YOUR ASSIGNMENT
Repeat the listing exactly as given, omitting every image.

EXERCISE DATA
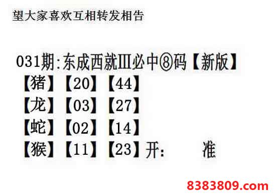 主题 : 031期:另版【东成西就四肖8码】
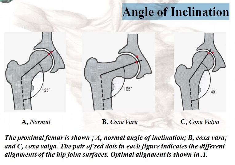 The angle is larger at birth by almost 20-25 degrees and it lowers as the person matures and assumes weight-bearing positions. It is also believed that the angle continues to lower into later adult years by approximately 5 degrees. The range of the angle of inclination is usually within 90 – 135 degrees. The angle of inclination is important as it determines the effectives of the hip abductors, the length of the limb, and the forces imposed on the hip joint (Hamill, 1995 p208)
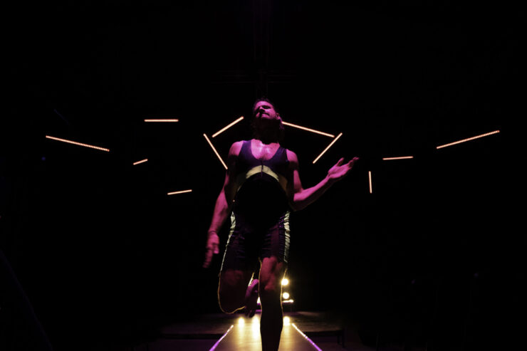 The visuals of this piece are nothing short of astounding. Kevin Murphy’s lighting design is like nothing you’ve ever seen before, all played in glorious time with the music and action onstage. We’re not just talking a bit of strobe, there’s LED strips on the floor, lasers in the sky, there’s even a bog-standard torch being used in the most striking way.
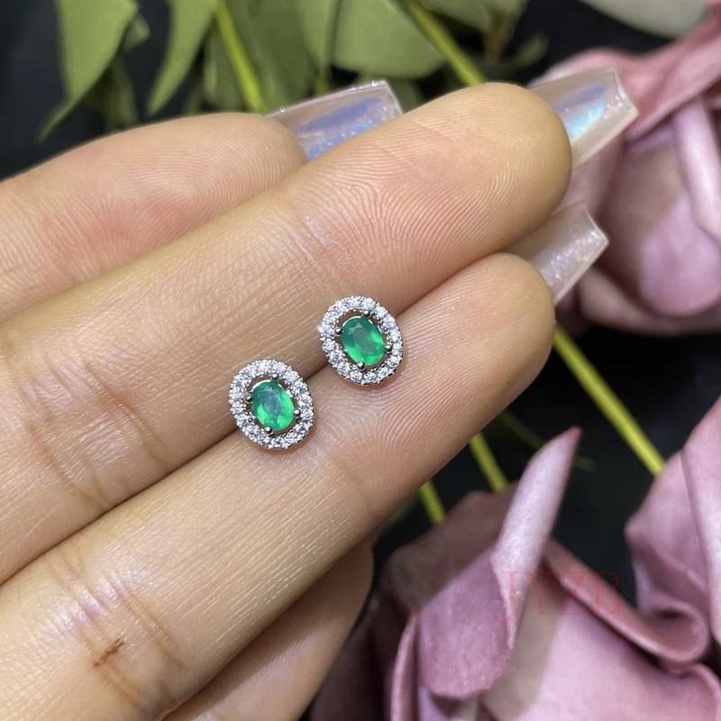 100% Natural Emerald Stud Earrings Luxury Style 3*4 Mm 925 Silver Colombian 0.5ct
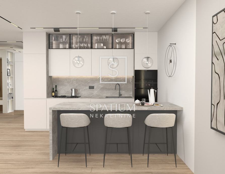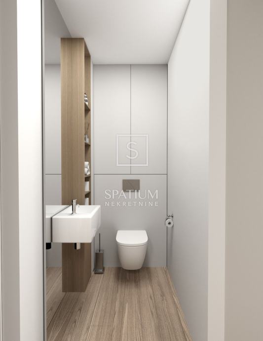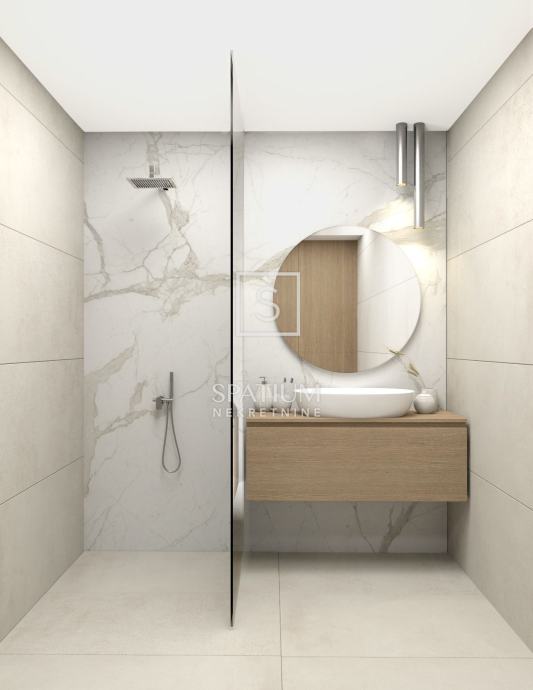 Kvalitetna gradnja, vrhunski materijali i završna obrada jamac su ugodnog stanovanja u ovoj nekretnini (visokokvalitetna aluminijska stolarija s troslojnim staklom, keramika i sanitarije najviše klase, klima uređaji, podno grijanje i dizalica topline, staklene ograde).

RESULT
 主题 : 031期:另版【东成西就四肖8码】
 The angle is larger at birth by almost 20-25 degrees and it lowers as the person matures and assumes weight-bearing positions. It is also believed that the angle continues to lower into later adult years by approximately 5 degrees. The range of the angle of inclination is usually within 90 – 135 degrees. The angle of inclination is important as it determines the effectives of the hip abductors, the length of the limb, and the forces imposed on the hip joint (Hamill, 1995 p208)
 The visuals of this piece are nothing short of astounding. Kevin Murphy’s lighting design is like nothing you’ve ever seen before, all played in glorious time with the music and action onstage. We’re not just talking a bit of strobe, there’s LED strips on the floor, lasers in the sky, there’s even a bog-standard torch being used in the most striking way.
 100% Natural Emerald Stud Earrings Luxury Style 3*4 Mm 925 Silver Colombian 0.5ct
 Kvalitetna gradnja, vrhunski materijali i završna obrada jamac su ugodnog stanovanja u ovoj nekretnini (visokokvalitetna aluminijska stolarija s troslojnim staklom, keramika i sanitarije najviše klase, klima uređaji, podno grijanje i dizalica topline, staklene ograde).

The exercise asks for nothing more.